Covid-19 could be a catalyst for a more supportive, inclusive education

Coronavirus has forced many universities to speed up their activity, forgoing the usual (well-meaning) layers of bureaucracy to implement solutions at a rate that far surpasses their standard cycle of change.

There’s no doubt this has come at a price – one aspect being financial – but it has also forced us to confront the factors that were previously cited as barriers to progress.

In the same way that workplaces across the country have been forced to admit that the majority of employees can indeed do their jobs from home, it has fast become apparent that online lectures are a viable mode of learning.

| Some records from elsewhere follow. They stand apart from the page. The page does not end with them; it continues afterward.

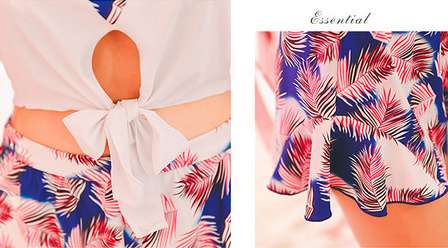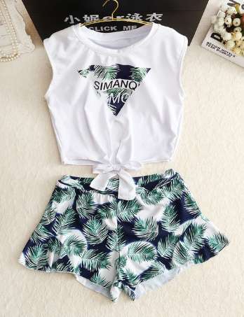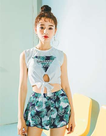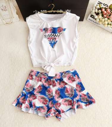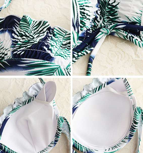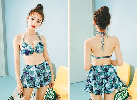 スカートスプリット水着 4点セット ボタニカル柄ビキニ ノースリーブトップ フリルパンツ ビキニ トレンド トロピカルカラー
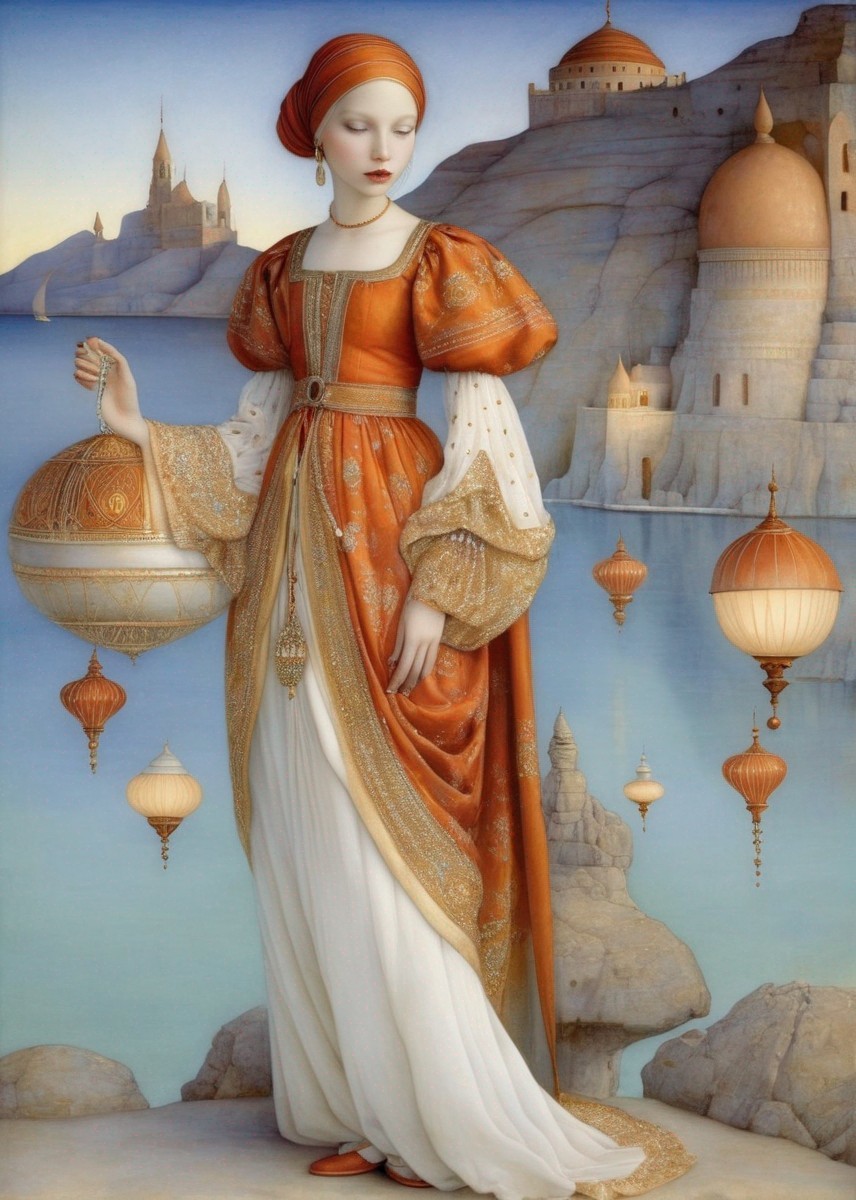 Traditional Outfit Woman with Turban in Fantastical Cityscape at Night
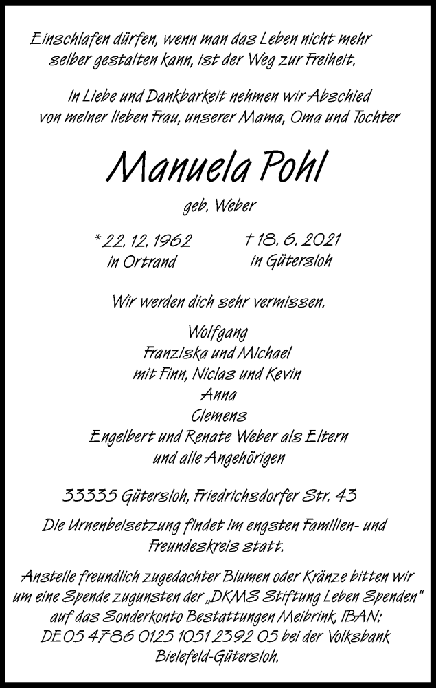 Hier finden Sie alle Traueranzeigen aus der Zeitung, die bisher für Manuela Pohl erschienen sind. Weitere Traueranzeigen, die in der Zeitung erscheinen, werden hier ebenfalls aufgelistet
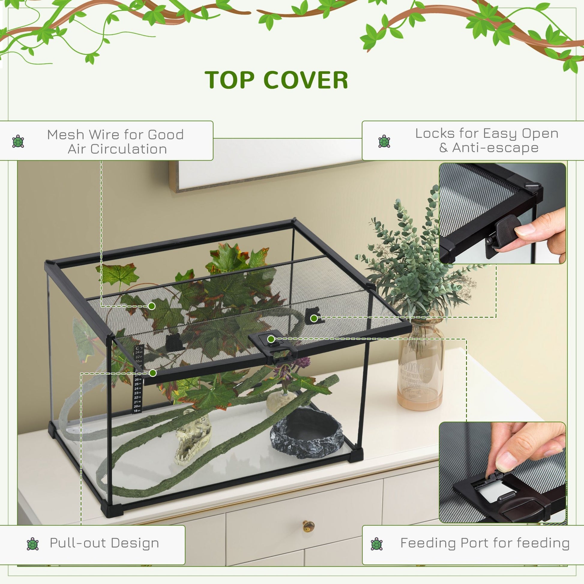 - Reptile Terrarium Info: Dimension of 19.75"W x 11.75"D x 13.75"H, no installation required, suitable for various reptiles.
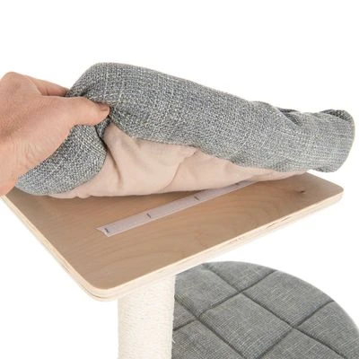 The Ankara Cat Tree Promotes extensive scratching and stretching. For this purpose, natural wood trunks are used, which are partly wrapped with sisal. Your cat can make themselves comfortable in the spacious little house, in the comfortable bed, on the viewing platform or in one of the two hammocks. The upholstery of the cat scratching post is made of easy-care furniture fabric and can be easily removed.
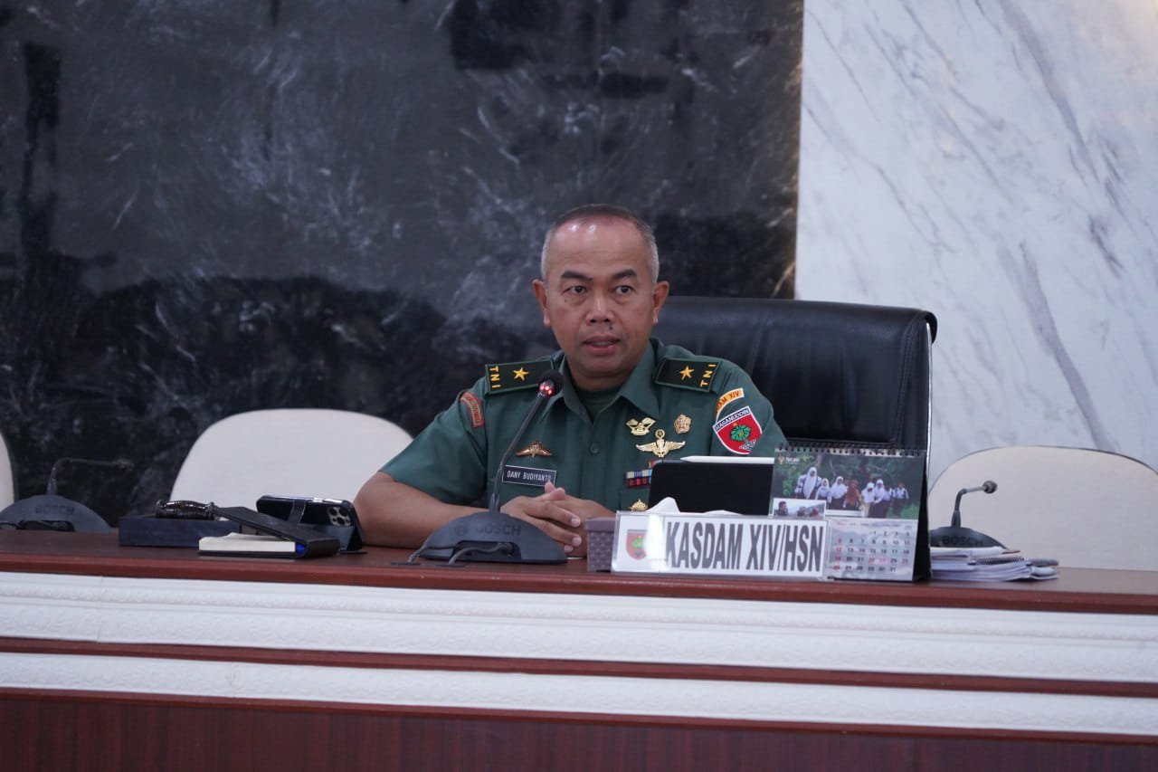 Sebagai upaya dalam membangun kesamaan visi, persepsi dan interpretasi, Kasdam XIV/Hasanuddin Brigjen TNI Dany Budiyanto mewakili Pangdam XIV/Hasanuddin, membuka rapat Panitia Program Kerja dan Anggaran (Panproggar) Triwulan I TA 2023 jajaran Kodam XIV/Hasanuddin, bertempat di Ruang Bina Yudha (RBY) Makodam, Kota Makassar, Kamis (06/04/2023).
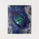 Oeil de dragon gothique mythique bleu médiéval avec encre violette et brouillard.
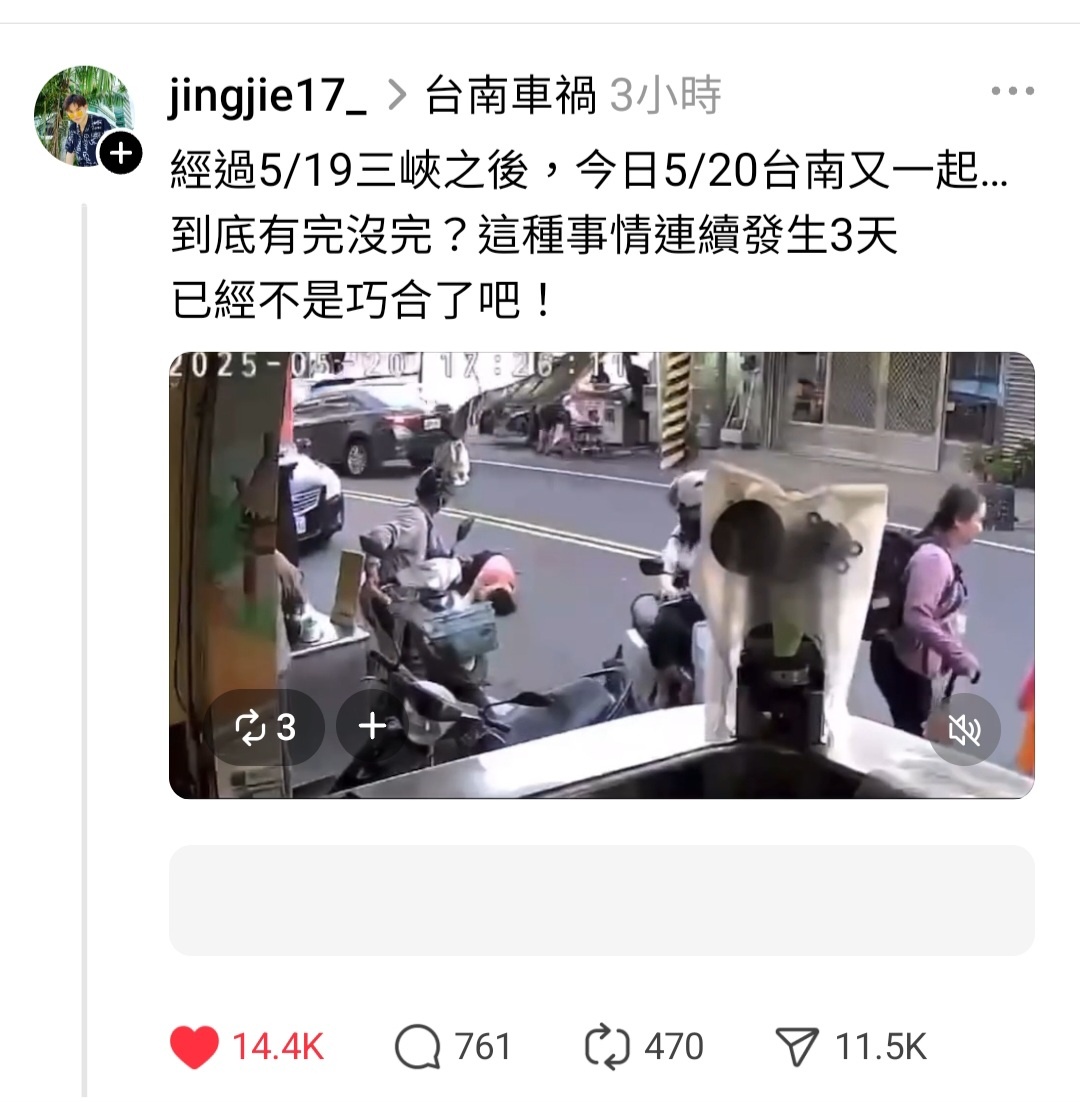 → KaYan: 這不就台灣日常是要討論什麼 第一天車禍? 05/21 11:16
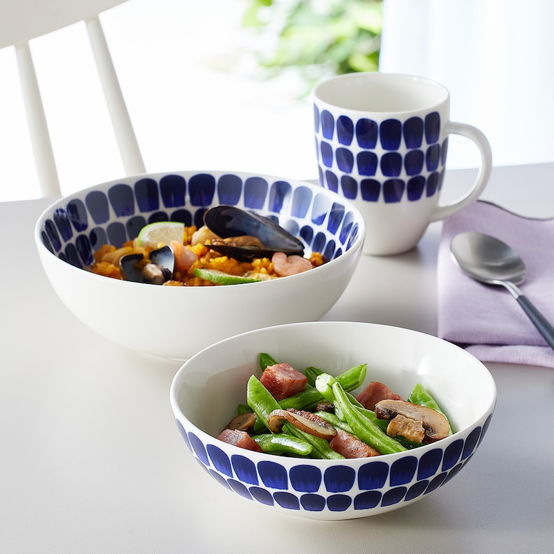手書き風の模様と朝から晩まで24時間使えることをコンセプトとした機能的なデザインで和洋中からエスニックまで様々なお料理と合わせてお使いいただけます。
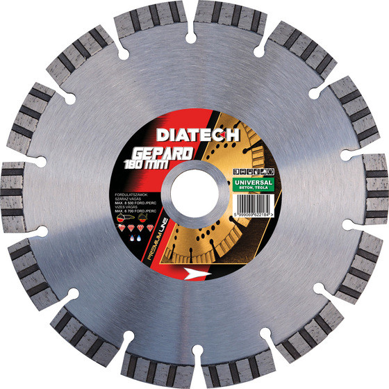 A Gepard kiváló minőségű és biztonságú vágótárcsa. A gyémántszegmensek speciális formája, azaz a turbókialakítás valamint az alaplemezen kialakitott lyukak csökkentik a hőfejlődést és érezhetően növelik a vágási sebességet, és ritkább hűtési szüneteket tesznek lehetővé. Főleg beton, vasbeton vágásához javasoljuk, de általános használatra is alkalmas.
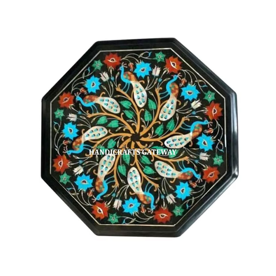Natural Black Marble Inlay Table Top Octagonal Shape Handmade Unique Design With Smooth And Glossy Surface Used For Coffee Table

This has paved the way for a more flexible approach to education. Once seen as a niche offering from the likes of Birkbeck and the Open University, the ability to cater for students outside of the traditional “working day” is set to be a basic requirement.

Higher education institutions have done an admirable job of transforming the way they deliver their courses whilst remaining connected with students across the globe (and in various time zones). If this is what can be achieved amidst a global pandemic (and with limited notice), imagine what is possible when the threat to public health rescinds?

A close examination

The timing of the first phase of the pandemic meant that assessments were a core focus of the sector’s response. Many universities adopted a “no detriment” policy, guaranteeing that exams taken during Covid-19 will not lower a student’s overall grade – whereas others have focused on loosening evidence requirements for deadline extensions and extenuating circumstances applications.

Amending policies and procedures can be an uphill battle – and so it’s heartening to see universities make the kind of changes that, under ordinary circumstances, would seem quite drastic.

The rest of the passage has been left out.